_Assigned task_: Write out exactly the lines below starting at the one containing "Put on the Happy" and ending at the one containing "据巨正源官方网站消息,202". Omit every picture.

_Material for this exercise_:
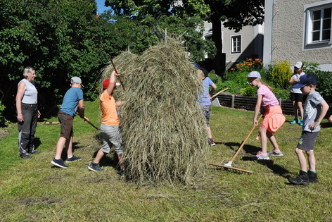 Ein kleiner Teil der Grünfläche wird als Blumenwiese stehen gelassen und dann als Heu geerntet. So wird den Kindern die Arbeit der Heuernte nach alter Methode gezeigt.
...
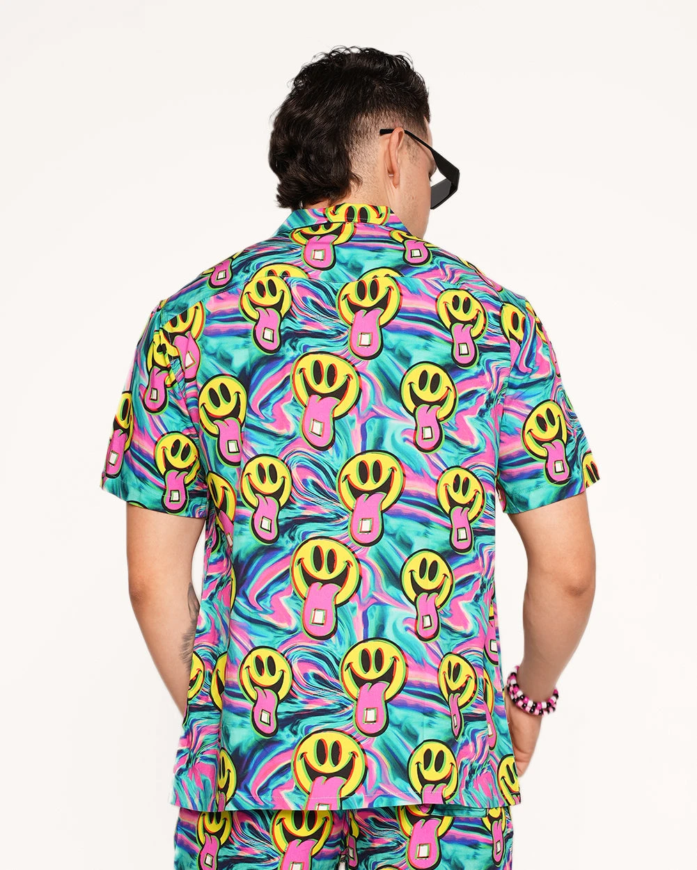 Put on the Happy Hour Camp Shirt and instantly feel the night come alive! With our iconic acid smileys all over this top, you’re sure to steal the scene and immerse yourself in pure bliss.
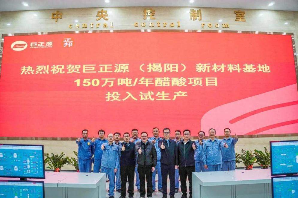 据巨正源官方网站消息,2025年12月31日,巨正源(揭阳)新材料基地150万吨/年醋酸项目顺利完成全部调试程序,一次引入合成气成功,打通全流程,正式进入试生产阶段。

_Response for this exercise_:
 Put on the Happy Hour Camp Shirt and instantly feel the night come alive! With our iconic acid smileys all over this top, you’re sure to steal the scene and immerse yourself in pure bliss.
 据巨正源官方网站消息,2025年12月31日,巨正源(揭阳)新材料基地150万吨/年醋酸项目顺利完成全部调试程序,一次引入合成气成功,打通全流程,正式进入试生产阶段。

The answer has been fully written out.